We’ve been running Techstars for almost a decade now. Every time we select ten or so companies for one of our accelerator programs, there’s some kind of group dynamic at play. Multiple smart people are in a room debating which of the 1,000 or so companies we’re considering should be funded. And those rooms are full of very smart people.
A while back, some Harvard and MIT researchers looked at all of the Techstars selection data and reviewed how all of those companies did over time. We have always scored companies on a scale of 1 through 4 with 4 being the highest. This ensures that there is no “middle score” and forces some polarization. It’s a bit of a simplification, but what the research found was that the average group score contained much less “signal” than what the higher scorers indicated. In other words, if the group of smart people ranked a company as follows:
Person #1 – 4
Person #2 – 3
Person #3 – 2
Person #4 – 1
Then the average here would be 2.5, which is a relatively low score. You might naturally want to exclude that company from further consideration.
However, the best way to score this for Techstars selection purposes turns out to be by counting the number of fours only. The only scores that would beat this one would have had multiple people scoring it a 4, like this:
Person #1 – 4
Person #2 – 1
Person #3 – 1
Person #4 – 4
Here the average is the same as the previous example, at 2.5. But the signal is “two fours” here, which is a much stronger signal than in the previous example. The research showed that had we been doing that all along, our outcomes would have been even better. So today we pick our companies from amongst those with the highest number of 4s, and not based on the average scores.
As humans, we have a tendency to score things and then respect the opinions of everyone in a weighted fashion. When selecting startups or looking for truly innovative ideas, you have to fight this impulse. This matches well with my own experience over a dozen years of picking startups – my Uber and Twilio picks were instinctual gut reactions from when I was a lone angel investor just learning how to run the first Techstars venture fund. Many other smart people told me Uber was a dumb idea. They would have scored it a 1, bringing the average way down.
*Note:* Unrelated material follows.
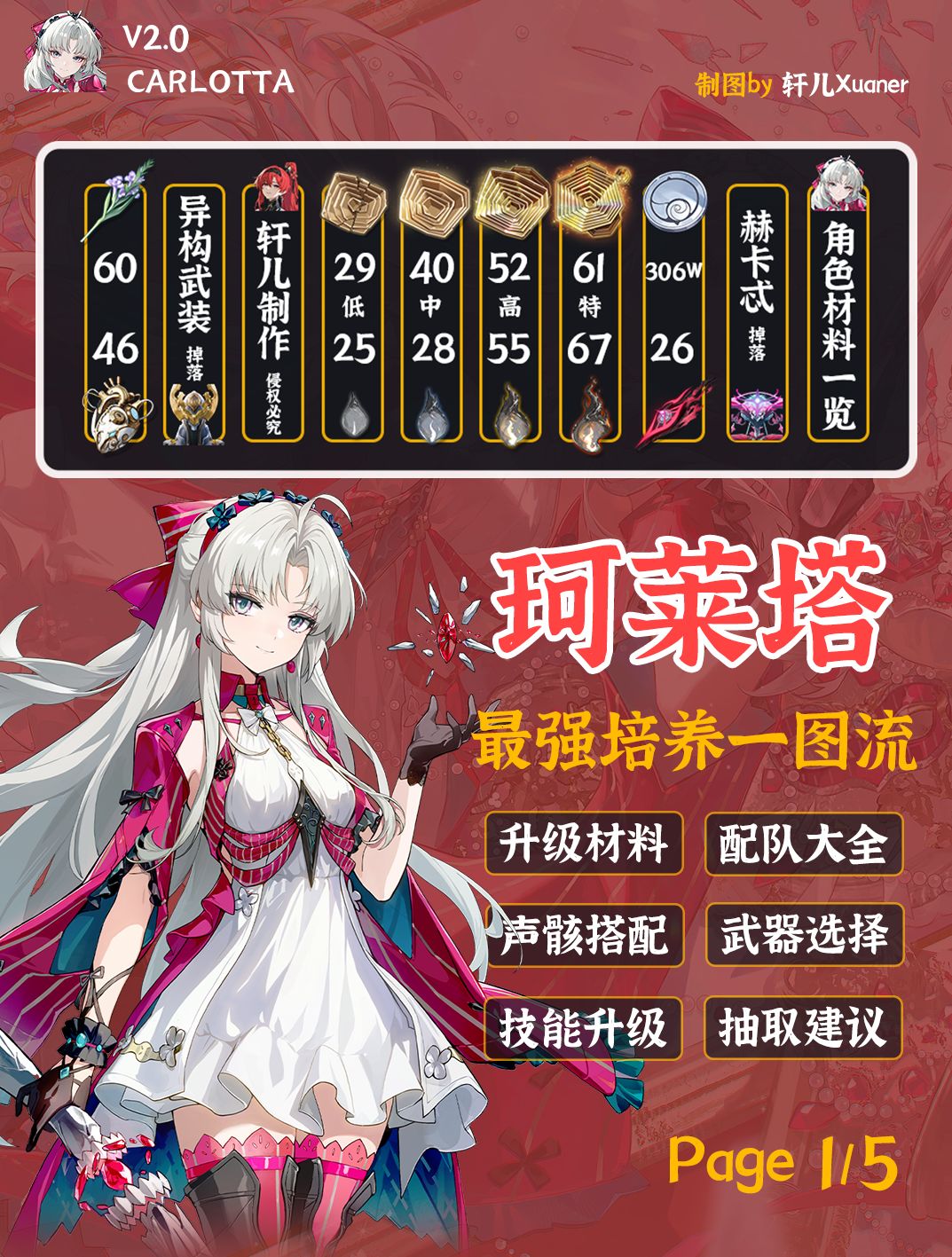 全新的2.0版本黎那汐塔来了,新角色珂莱塔将上线。珂莱塔的角色一图流攻略(先行版) [表情_比心]第二张图:90级技能全满所需的材料数量,大部分材料是新地图,所以不用着急,晶化燃素系料是可以和老材料3:1转换。 [表情_比心]现在千万不要刷旧冰套等2.0实装新冰套 (凛冽决断之心) 2.0上线后会发珂莱塔各种队伍的强度如何强度榜也会随后更新,希望大家点个关注🙏#鸣潮 #鸣潮攻略 #鸣潮珂莱塔 #鸣

I also remember telling other investors how silly Twitter was when I first saw it. I would have scored it a 1 also. Averages kill instincts when it comes to startups. Others have learned the same.
A smart group of people with high trust for each other learns to look for signal from those who are most enthusiastic, and learns to ignore the idea of averages. It’s likely that the people voting the top score have some intuition or insight, regardless of the number of naysayers. Learn to respect the outlying data points in any group evaluation, and you’ll make your own team “group smart”.